___ Dataset records ___
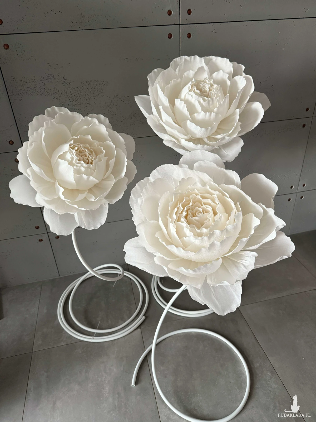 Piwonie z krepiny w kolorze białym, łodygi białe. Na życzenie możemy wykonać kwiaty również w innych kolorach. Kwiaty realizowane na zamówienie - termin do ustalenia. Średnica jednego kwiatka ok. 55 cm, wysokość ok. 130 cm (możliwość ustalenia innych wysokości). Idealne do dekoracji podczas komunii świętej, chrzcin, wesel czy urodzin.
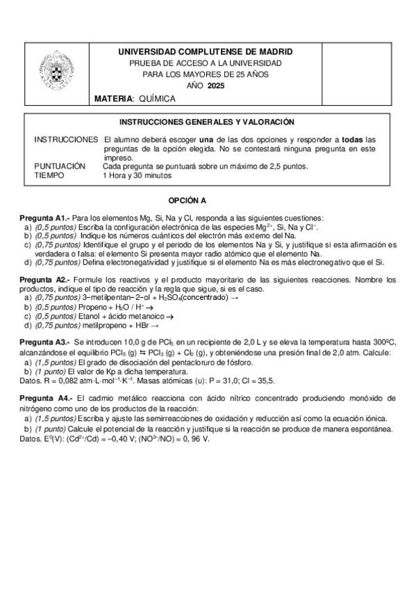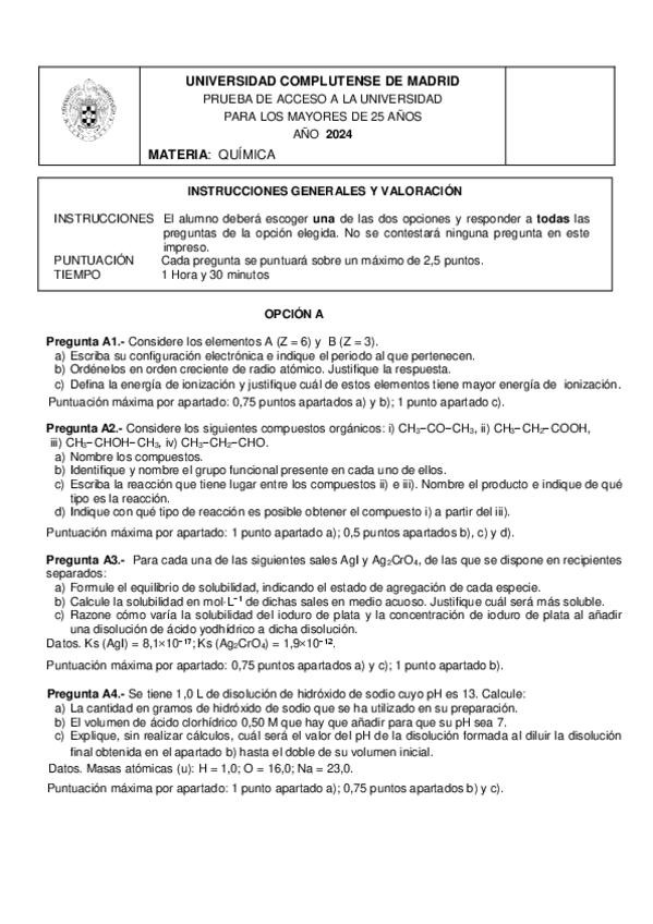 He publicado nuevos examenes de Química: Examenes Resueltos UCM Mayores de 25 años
___
___ Dataset records ___
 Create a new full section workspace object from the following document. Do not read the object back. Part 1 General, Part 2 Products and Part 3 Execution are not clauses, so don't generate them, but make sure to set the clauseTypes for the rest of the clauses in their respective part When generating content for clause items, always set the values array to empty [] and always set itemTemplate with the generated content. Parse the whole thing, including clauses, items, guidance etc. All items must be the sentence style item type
___
[Work instructions]: Transcribe, word for word, the stretch of lines in the data above from the one with "Piwonie z krepiny" through the one with "He publicado nuevos"; omit all pictures.

[Solution to the exercise]:
 Piwonie z krepiny w kolorze białym, łodygi białe. Na życzenie możemy wykonać kwiaty również w innych kolorach. Kwiaty realizowane na zamówienie - termin do ustalenia. Średnica jednego kwiatka ok. 55 cm, wysokość ok. 130 cm (możliwość ustalenia innych wysokości). Idealne do dekoracji podczas komunii świętej, chrzcin, wesel czy urodzin.
 He publicado nuevos examenes de Química: Examenes Resueltos UCM Mayores de 25 años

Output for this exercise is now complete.